Le graphique du profit cumulé des clients classés du plus rentable au moins rentable. Il monte avec les clients qui créent du profit, culmine bien au-dessus de 100 % du résultat final, puis redescend à mesure que les clients déficitaires détruisent le surplus. Sa silhouette évoque le dos d'une baleine.
Pourquoi le pic dépasse-t-il 100 % du profit ?
Parce que le profit total de l'entreprise est la somme de clients très rentables et de clients déficitaires. Le cumul des seuls clients rentables dépasse donc le résultat final ; la descente qui suit mesure le profit détruit par la queue.
Peut-on tracer la courbe avec la marge brute ?
Non. La marge brute ignore le coût à servir, qui est précisément ce qui différencie les clients. Il faut un coût complet par client, incluant commandes, livraisons, retours et support, ce qu'un modèle TDABC fournit.
Faut-il se séparer des clients de la queue ?

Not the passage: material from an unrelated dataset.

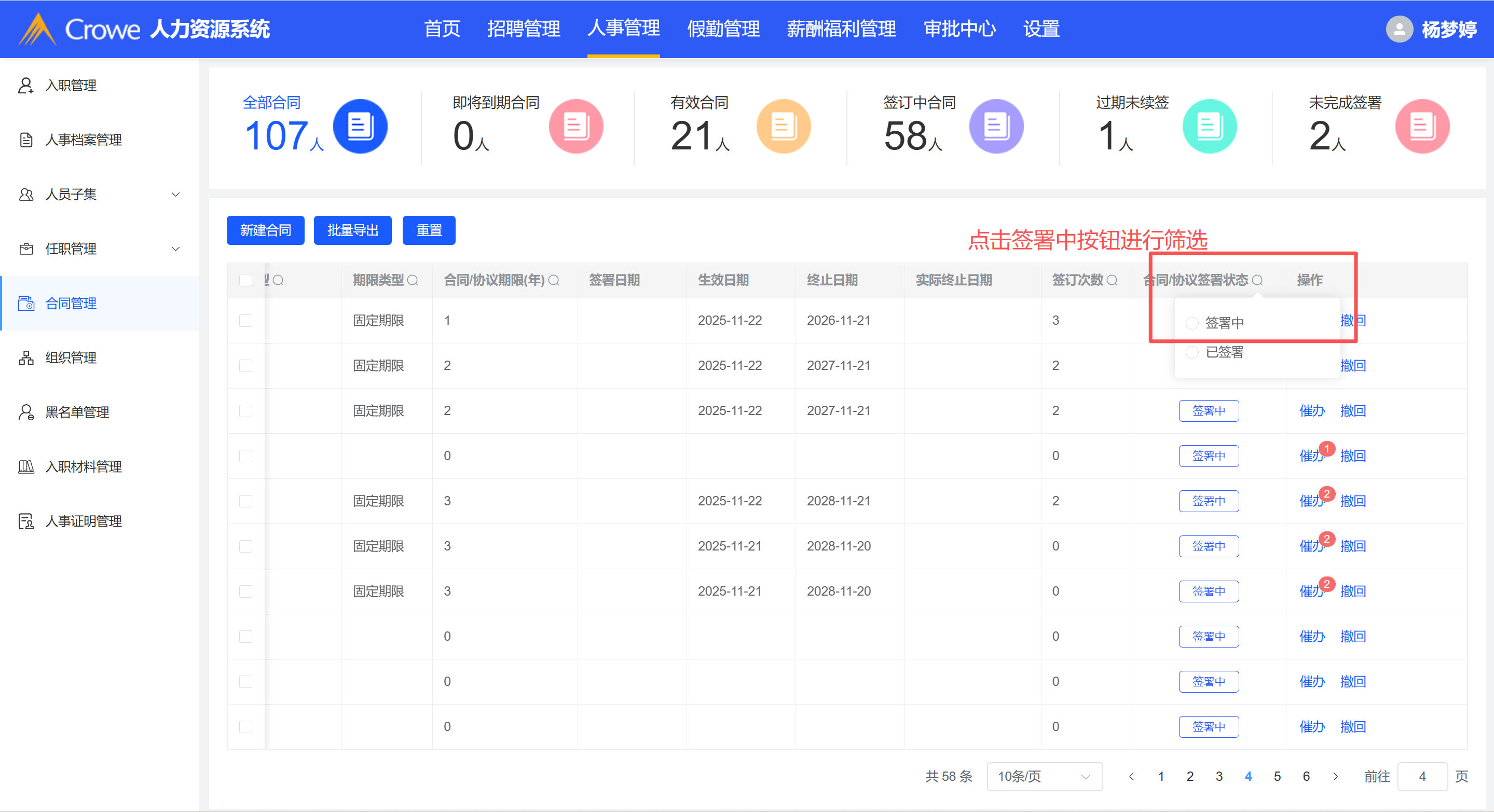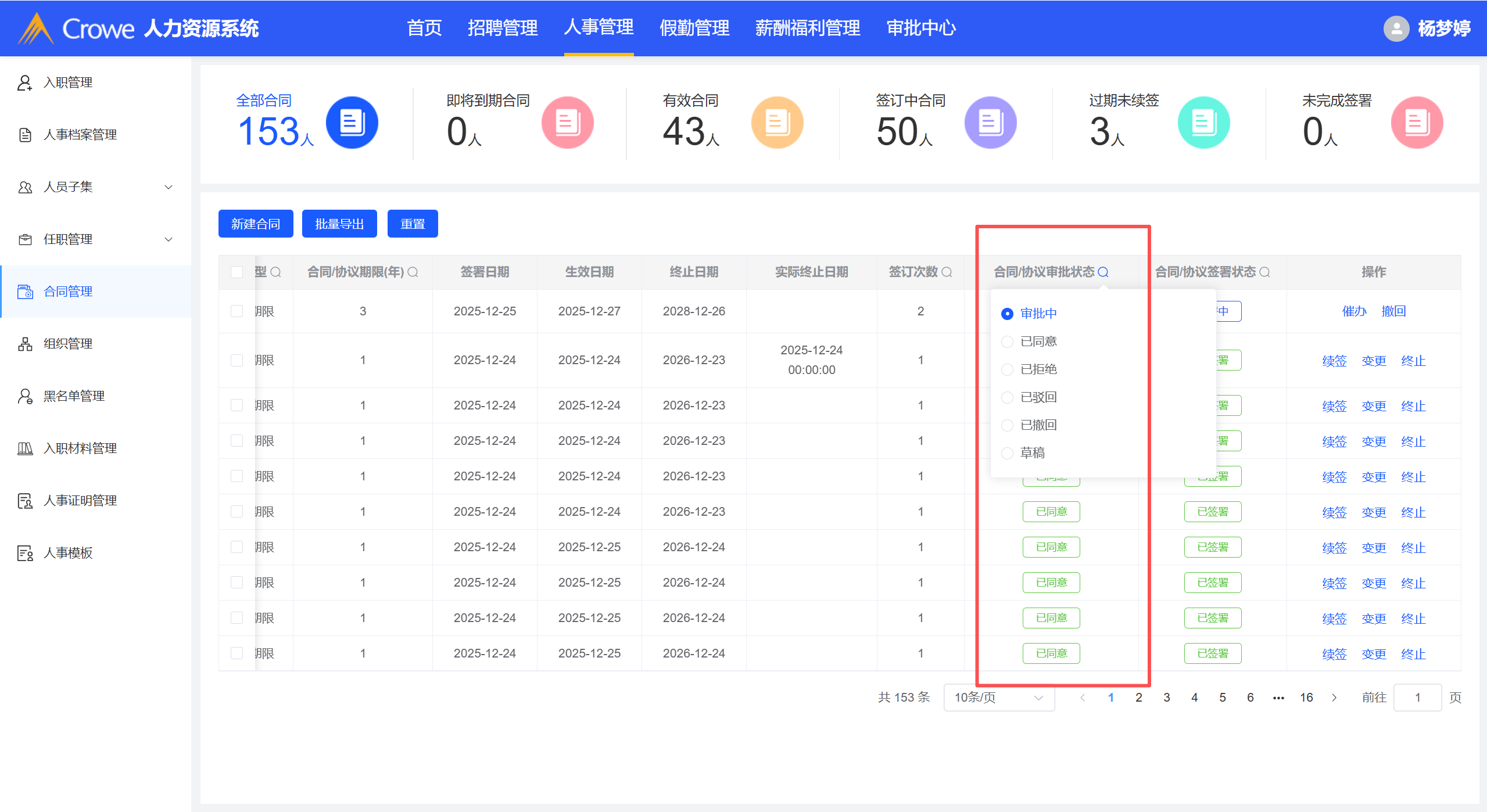已关闭合同列表合同/协议签署状态进行筛选后,重置按钮失效

Rarement. La plupart redeviennent rentables avec un repricing sélectif, un minimum de commande, un regroupement des livraisons ou un changement de canal. La sortie d'un client n'a de sens que si les conditions correctes sont refusées et si la capacité libérée peut être réduite ou réemployée.
La courbe vaut-elle aussi pour les produits ?
Oui. Le même exercice se fait par produit, par canal ou par commande. La version produit révèle les références que personne n'ose élaguer ; la version client reste la plus riche en décisions, parce que le comportement de service se joue au niveau du client.